Returning with a hunger!

The first blessed meal of RamadanI never meant to abandon you. Every day that has passed since that fateful Saturday evening (thumb still flaunts an irritating scar) I have longed to return here in hopes of concocting such sorcery with words that even the driest of tongues and most satiated of hungers will be left smacking their lips and reaching out to the screen for a taste.

Ok, creepy.  Rein it in, Alya.

This unintended break has allowed a lot of breathing room though, and most importantly has reinforced a truth: this site is a beacon of sanity for me.  I can sit and dream up edible possibilities and suddenly the world makes sense again…  Ah, but I’ll spare you any rambling discourse and just get straight into it.  It’s certainly unexpected that I would reboot this blog during Ramadan of all times, but anyone going through this blessed month of fasting will tell you that dishes demand the spotlight.  Whether that’s because a certain variety of dishes only make their presence known traditionally during this month (fruit chaat anyone) or because we become exceedingly more appreciative and aware of what we eat and how much we take in, at the end of the day I have felt increasingly inspired and cajoled into baking, cooking, and desiring to share and reflect upon it.

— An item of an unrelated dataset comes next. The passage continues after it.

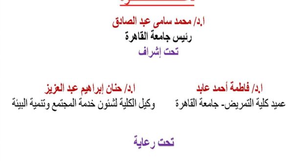 تحت رعاية أ.د / محمد سامي عبد الصادق رئيس جامعة القاهرة أ.د / احمد رجب نائب رئيس الجامعة لشئون التعليم والطلاب أ.د/ فاطمة احمد عابد عميد كلية التمريض أ.د/ حنان إبراهيم وكيل الكلية لشئون المجتمع وتنمية البيئة ” تعقد كلية التمريض جامعة القاهرة ندوة بعنوان” انتصارات اكتوبر و بناء المستقبل يحاضرها اللواء / رمضان السيد احمد رئيس سلاح حرس الحدود ...

So just as a reintroduction into my little world of eating, I’d like to share the first dinner of Ramadan this year, an exceptionally special occasion because it was my first one here in MD with the husband.  For the unawares, we fast during daylight hours for a month, and at sunset we break our fast – a special meal called iftar.  Traditionally one has a date first, and from there the food expands into the realm of individual cultures. 

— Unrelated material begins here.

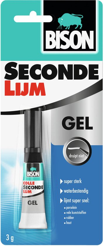 De Bison Secondenlijm Gel 3g is een hoogwaardige secondelijm in gelvorm die perfect op zijn plaats blijft en niet uitloopt. Deze lijm is ideaal voor verticale oppervlakken en poreuze materialen, en biedt gecontroleerde verlijming met een korte corrigeertijd.

Within my culture and family traditions, a few things are vital: the dates (of course), samosas, and the most heavenly of concoctions—fruit chaat!  Fruit chaat is the best Ramadan dish ever (don’t listen to the husband who will argue otherwise; just pity him and his unrefined palette). 

the food of my heaven, no doubt.Basically, it is fruit salad, but to leave it at that would be utter sacrilege!  You could at least say it’s a spicy fruit salad, but it must (in my opinion) abide by the following rules:

  1. Bananas – these are the most important fruit, the foundation, the heart and soul if you will.  Without these, don’t even bother giving me any (that’s not true, I’ll still eat it, please, share!)
  2. Apples, tropical fruits, pears, nectarines, strawberries – all good additions
  3. NO GRAPES (Sorry, I had to say it)
  4. Spices – you can buy fruit chaat masala mixes, that’s the easiest way to go—it has a blend of too many things to list off the top of my head.  What my family always does is mix a little bit of that (depends how spicy you like it) with some orange juice (freshly squeezed trumps all!), a smidge of salt, some red pepper, and a dash of sugar if the fruit isn’t particular at its sweetest.
  5. Serve and fight me for the bowl ‘cuz I ain’t letting go

Yes that truly is how much I love it.  But as this is a month of charity and blessings, You can have a bite. Just one.

For my first iftar here, I had a small assortment of goodies besides that, including:

Cream-filled dates (a delicacy of the sweetest joys!)Chana (Garbanzo beans cooked with onions, spices, and a bit of tamarind)Samosas (I wish I could make them this good, but these are courtesy of a blessed lady in CA who creates harmonious flavors in her chicken and potato samosas)And eggplant Pakoras!  I can give you the rundown of these succulent treats:

  • Small round eggplants (no idea what they are called) – sliced in rounds, sprinkled with salt and dipped in lemon juice (for flavor, to keep from browning, to aid in getting some moisture out)
  • Besan (gram flour/chickpea flour)
  • A dash of baking soda (perhaps ½ tsp per 1 cup flour)
  • Salt
  • Turmeric
  • Red pepper
  • Cumin
  • Water

No quantities given because I just winged it until I had a nice consistency, pasty liquid, not too thick to glop into the frying pan, but not watery thin.  And the spices are simply to taste, you do what you like.

Just heat a frying pan with some oil and drop a few in at a time, flip over once and remove to a paper towel when golden brown.  Serve with chutney, sauce, or anything worthy of dipping.

So that was my first iftar with the husband—his sister came over too, so we partook in this pleasure together.  Dinner did follow shortly after this, and I don’t think I have eaten so much in recent years during Ramadan.  The rest of Ramadan certainly has generally not followed suit as far as quantity of food (none of which has gone to waste, I am so proud to admit) but I have had some splendid moments in the past weeks which I am hankering to share with you.

For now, have a blessed last week of Ramadan and partake in some fruit chaat this evening.